WHAT TO WORK ON:
Reproduce exactly the lines below from the one containing "Lerliuo Rattan Nightstand" through the one containing "get some attention.", including both, and nothing else.

EXERCISE DATA:
┌──

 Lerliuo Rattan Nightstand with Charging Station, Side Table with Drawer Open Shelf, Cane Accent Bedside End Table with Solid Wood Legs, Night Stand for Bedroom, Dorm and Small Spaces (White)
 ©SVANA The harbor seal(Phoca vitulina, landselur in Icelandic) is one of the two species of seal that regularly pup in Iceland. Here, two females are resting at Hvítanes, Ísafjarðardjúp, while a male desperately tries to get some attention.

└──
┌──

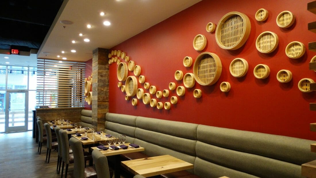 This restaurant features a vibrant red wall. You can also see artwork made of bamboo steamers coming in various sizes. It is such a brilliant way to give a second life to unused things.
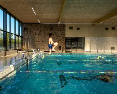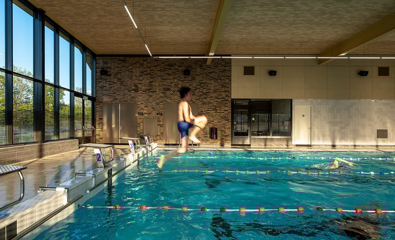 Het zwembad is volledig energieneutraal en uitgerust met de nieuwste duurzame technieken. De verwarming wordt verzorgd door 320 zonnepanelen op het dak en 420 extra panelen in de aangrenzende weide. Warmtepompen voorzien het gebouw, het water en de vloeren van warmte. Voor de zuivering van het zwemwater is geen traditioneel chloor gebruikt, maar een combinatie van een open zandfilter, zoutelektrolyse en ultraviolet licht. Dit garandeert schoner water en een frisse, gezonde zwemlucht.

└──
┌──

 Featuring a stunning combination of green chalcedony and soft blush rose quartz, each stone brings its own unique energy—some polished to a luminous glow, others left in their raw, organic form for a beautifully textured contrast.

└──

OUTPUT OF THE TASK:
 Lerliuo Rattan Nightstand with Charging Station, Side Table with Drawer Open Shelf, Cane Accent Bedside End Table with Solid Wood Legs, Night Stand for Bedroom, Dorm and Small Spaces (White)
 ©SVANA The harbor seal(Phoca vitulina, landselur in Icelandic) is one of the two species of seal that regularly pup in Iceland. Here, two females are resting at Hvítanes, Ísafjarðardjúp, while a male desperately tries to get some attention.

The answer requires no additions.